It’s the classiest way of winning a bike race, and likely something everybody has dreamed of doing at least once : riding solo for the duration, and crossing the line with enough of a gap to celebrate properly.
That’s exactly what happened to JLT-Condor’s Graham Briggs in Wednesday night’s round of the Elite Circuit Series in Chepstow.
The 32-year-old attacked from the gun, and lapped numerous riders in the closing laps before taking the chequered flag. Here, he tells Cycling Weekly how he did it.
Play the circuit and the conditions
“The circuit in Chepstow had a small climb and was followed by a technical section, which is something I enjoy. I like getting low through the tight corners – I think this is where I managed to draw out seconds on the bunch lap after lap. It was raining on and off at 6pm, which is good for me, too. When you’re confident in your riding ability you can really push into the corners; I don’t think I would’ve gone quicker round them had it have been dry.”
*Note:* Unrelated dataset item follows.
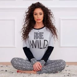 Oronero presenta un pigiama dal design classico, spezzato dalla freschezza selvaggia di un motivo zebrato che va a incorniciare la stampa centrale, rifinita con strass, che racchiude l’essenza del suo stile: “Be Wild”. Il pigiama è realizzato in caldo cotone, perfetto per le temperature invernali.

“I prepared for the British Circuit Race Championships [last Wednesday] in the Pyrenees. Such a trip has worked well for me before, so I went there again in mid-July. I stayed three kilometres from the top of the Tourmalet, so I’d do efforts up to 1,200m, and then cruise up to the hotel at 1,900. It was a good trip, and I’ve felt really good since.”
Establish a gap
“It wasn’t planned that I’d attack from the gun. But we had a fast neutral lap, and I thought ‘why not go for it?’. I attacked hard and just kept on going. For the first 30 minutes, I did think the chase behind would start pulling me in, but after that, I was confident I wouldn’t get caught. Luckily I had my team-mate Tom Moses looking after a couple of other riders in chase move behind, which helped me out.”
Get into a rhythm
“I think the best thing about riding solo, particularly in a crit, is that you can pick your line. You don’t have to worry about where anybody else is, or what they’re doing. You get into a rhythm, and I knew if I kept that I’d be tough to catch.”
Keep something in reserve
“I wasn’t slowing down for the climb, but I just made sure I never went up it on my limit. I could have gone harder if I needed to – John [Herety, JLT-Condor team manager] was telling me the time checks every lap, so I knew if I had to step it up a bit on the following lap. It’s such a good feeling when you’re going so well.”